The cell assemblies provide the basis of a thought. When cell assemblies become interconnected they form phase sequences. Phase sequences allow us to have streams of thoughts. According to Hergenhahn and Olson (2005), “Hebb concluded in his theories that “not only is sensory information necessary for proper neurophysiological development, but it is also necessary for the maintenance of normal functioning” (p. 384). When an organisms experience sensory deprivation, severe cognitive disorientation, stress and fear can occur. Hebb believed that the environment had a direct effect on mental and physiological processes which influenced behavior and learning.
The final paradigm is the evolutionary paradigm. Attempting to explain the learning process using evolutionary principles was the theorist Robert C. Bolles. Hergenhahn and Olson (2005) state that Bolles believed that “learning involved the development of expectancies” (p. 425). Expectancies are when an organism learns that one event leads to another. Bolles believed that organisms had innate predispositions for behavior and that motivation restricts response flexibility.

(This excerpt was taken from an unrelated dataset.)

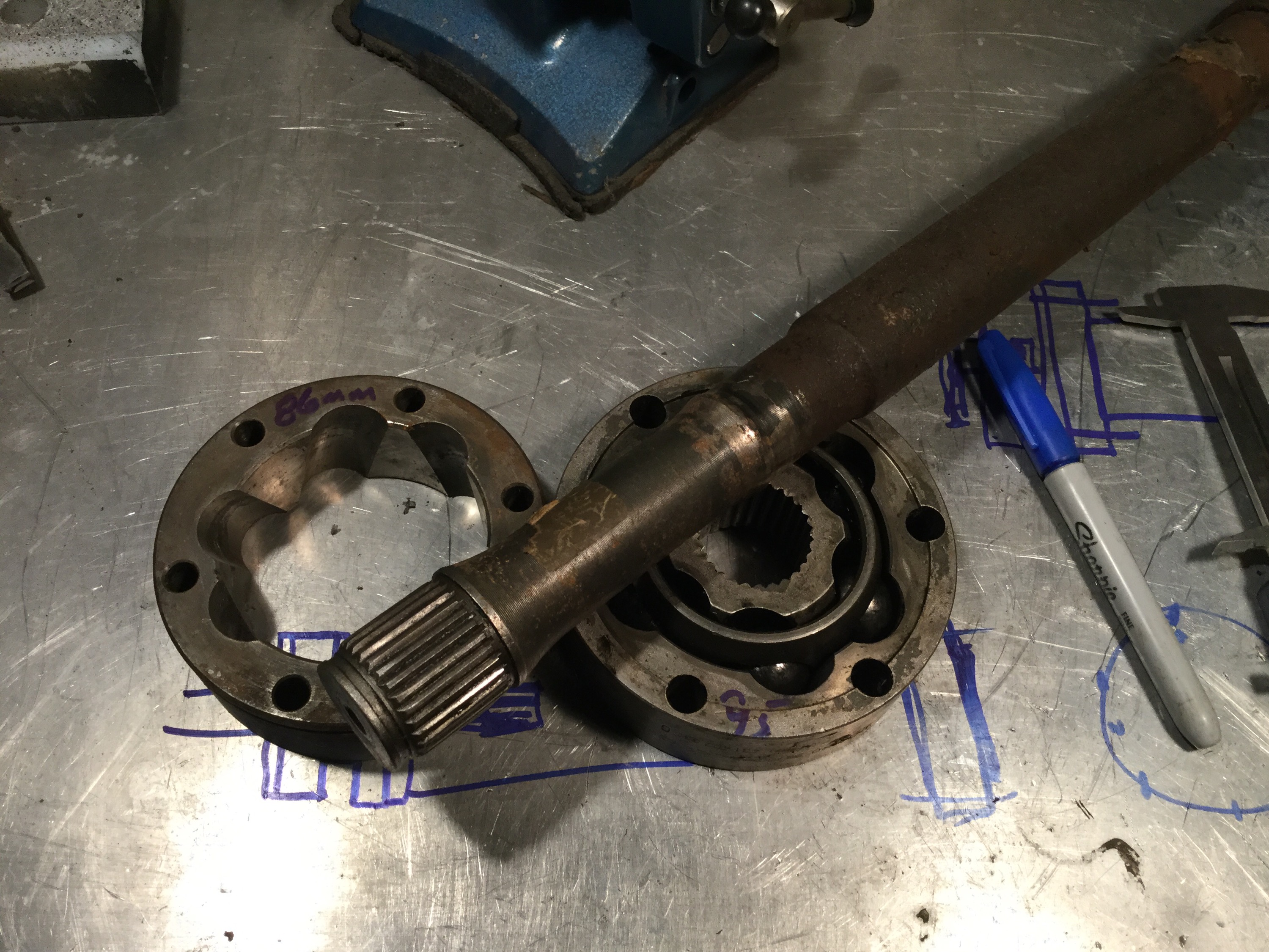 I have the half shaft for that 108mm diameter CV joint. One could imagine cutting the spline section off and mounting it to a flange that mimics the stick propshaft flange, then the slides connecting to the 108mm diameter CV joint bolted to the propshaft. I hope you understand this is all just free thinking, just for discussion.

Hergenhahn and Olson (2005) explain that an organism’s natural reaction in a situation may make it difficult to learn a new response. Using the niche argument, “Bolles argued that an understanding of learning must be accompanied by an understanding of the evolutionary history of the organism” (Hergenhahn and Olson, (2005), p. 427). According this argument, organisms have to learn certain behaviors that they are predispositioned for and not learn others depending on their niche and how they fit in the big picture. This can determine whether the organism is successful or not in adapting to its environment.
Although learning theorist in the various paradigms have attempted to explain learning and its processes, many questions are still unanswered. One of these questions is how does learning vary as a function of maturation? If learning occurs differently in different stages it would be beneficial to conduct research on how maturation affects the learning process. The information yielded from such research could be very beneficial in regards to education. Another unanswered question is how does learning vary as a function of species? If some organisms have the biological ability to learn certain behaviors and some do not, how can research involving different species be beneficial?
If psychologists want to learn more about the learning process in humans, they should study humans rather than making generalizations across species. Other questions that remain unanswered involve learning and personality characteristics, learning as a function of the total environment, learning and associations, as well as learning and instinctive behavior. It is imperative that more research be conducted in an attempt to answer these questions about learning to give people a greater comprehension of learning. The more knowledge we have about the learning process and what affects it, the better we will be at making learning successful.
Hergenhahn, B.R., & Olson, M. (2005). An Introduction to Theories of Learning. New Jersey: Pearson Education Inc.